A third of Birmingham ten-year-olds have missed out on their first choice secondary school according to council figures.
But 85.4 per cent of pupils in the city will be going to at least one of their first three preferences which is above the national average.
The anxious parents of almost 14,000 city children will be opening letters to find out if the desired school place has been secured. Those who applied electronically will have received emails and text messages yesterday (Monday).
Around 4,700 pupils will not be going to their preferred school, although most, 94.6 per cent will get a place at one their alternative five choices.
That leaves 762, or 5.4 per cent, not offered any one of their preferred schools.
There were also 1,870 applicants to Birmingham schools from outside the city, with only 21.3 per cent offered their first choice.
Although no details have yet been issued of which schools are the most popular, grammar and faith schools have traditionally the most popular, with about ten pupils applying for every place and many having to either sit a test or meet stringent entrance criteria.
Outside that the schools in leafy suburbs such as Sutton Coldfield, Hall Green and Edgbaston have been over subscribed with many pupils applying from outside the area.
NASUWT teaching union chief Chris Keates said: “Parents express preferences not choices. The handwringing of commentators about the very small percentage of those who don’t get their first preference has an underlying message that somehow these parents are being short-changed and will have to settle for ‘second best’.
“The standards of education in all secondary schools across the country have never been higher and are continually improving. It is wrong to imply that because a school was not a parent’s first preference that its standards are poor”.
It was the first year that parents could be informed by text, with more than 100 opting to do so, while others will be informed by more conventional letter, email or telephone call.
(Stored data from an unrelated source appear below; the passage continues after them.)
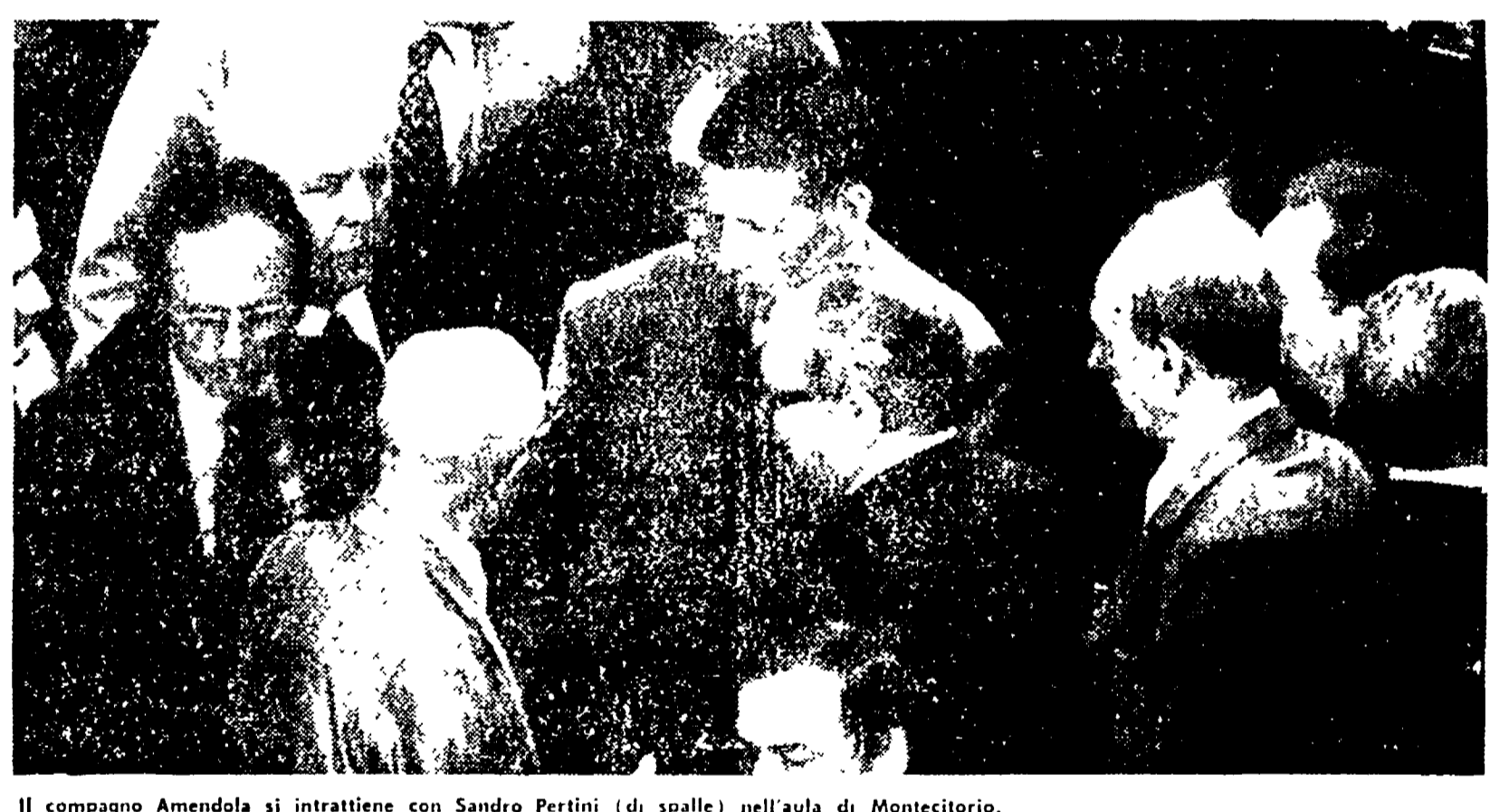
Il compagno Amendola si intrattiene con Sandro Pertini (di spalle) nell'aula di Montecitorio.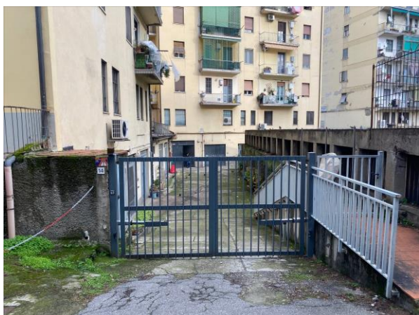
3- Accesso carrabile da Via Vallombrosa n. 14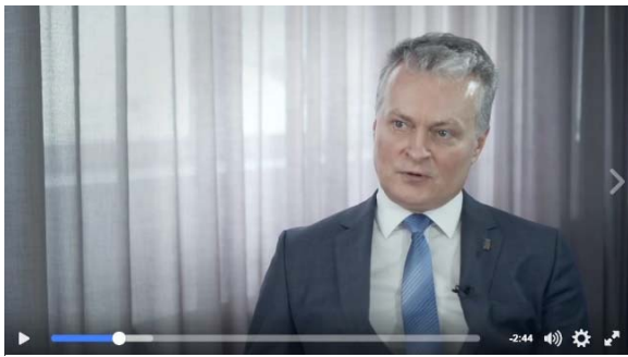
Video „G. Nausėda: Stipri valstybė be stiprios šeimos neįmanoma“ (127 tūkst. peržiūrų)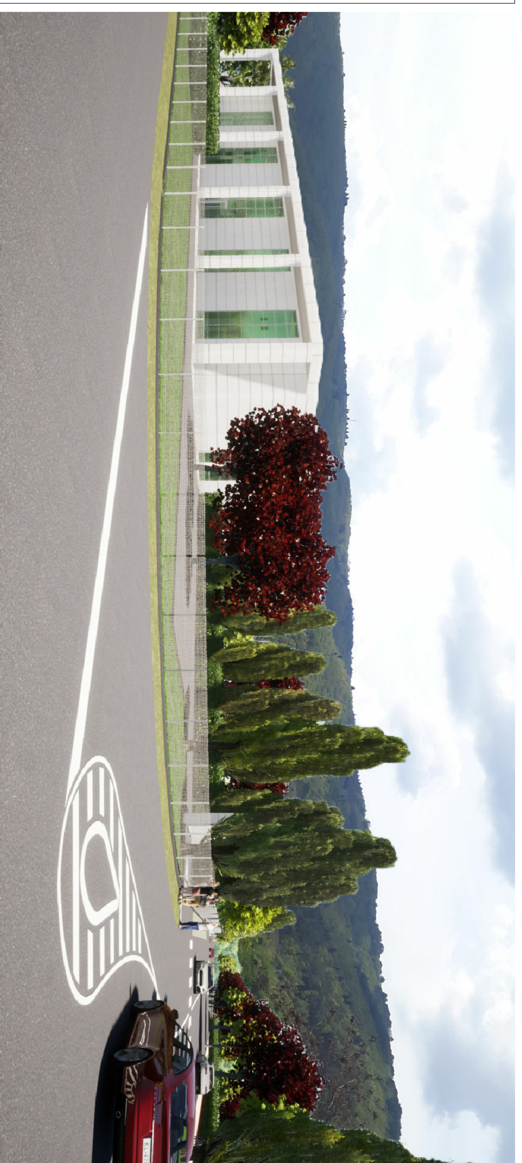
RENDERING - Vista n. 2

In a pilot run by Digital Birmingham and GES Connect Digitally, around 70 Birmingham parents were informed by text message.
According to official statistics there were a total of 13,986 applications from Birmingham children, up 34 on last year.
A total of 9,300 (66.5 per cent) were offered their first preferred school, second choice offers went to 1,715 (12.3 per cent) pupils, third preferences to 917 (6.6 per cent) , 587 (4.2 per cent) fourth choices, 412 (2.9 per cent) offered fifth preference and 293 (2.1 per cent) the sixth preferred school.
A total of 1,383 were offered school places outside Birmingham.
In recent years there have been an average 1,000 appeals have been made and 3.6 per cent have been successful.